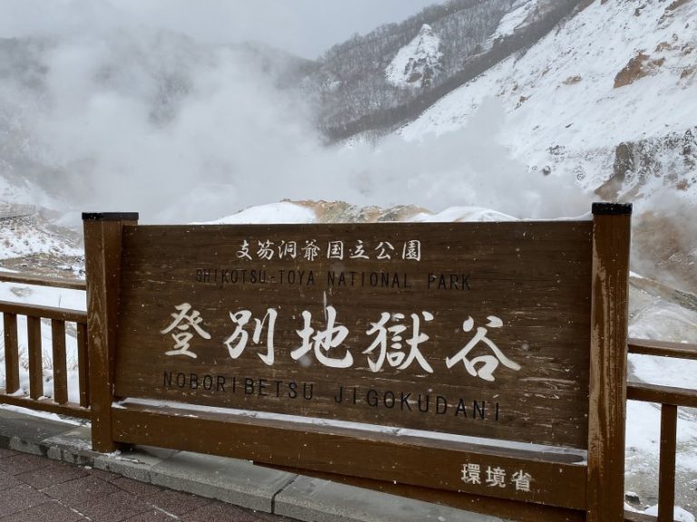 We soon left for a walk along ‘Hell Valley’ (Jigokudani), situated a little bit above the resort town and forming part of the Shikotsu-Toya National Park. There was lots of geothermal activity in evidence, providing the spa waters for the town. As ever in such places, there was also a pungent smell of sulphur. Water leaves the ground at around 60C and cools as it flows down to the town.
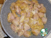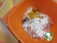 К порезанному филе добавить муку и куркуму. Посолить и поперчить по вкусу. Хорошо перемешать. |
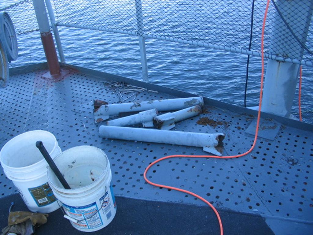 | Decayed Davit Base repaired by volunteers |

******************************

- [Exercise objective]
Every line of the listing above is to be repeated exactly, with its pictures left out.

- [Exercise result]
 We soon left for a walk along ‘Hell Valley’ (Jigokudani), situated a little bit above the resort town and forming part of the Shikotsu-Toya National Park. There was lots of geothermal activity in evidence, providing the spa waters for the town. As ever in such places, there was also a pungent smell of sulphur. Water leaves the ground at around 60C and cools as it flows down to the town.
 К порезанному филе добавить муку и куркуму. Посолить и поперчить по вкусу. Хорошо перемешать. |
 | Decayed Davit Base repaired by volunteers |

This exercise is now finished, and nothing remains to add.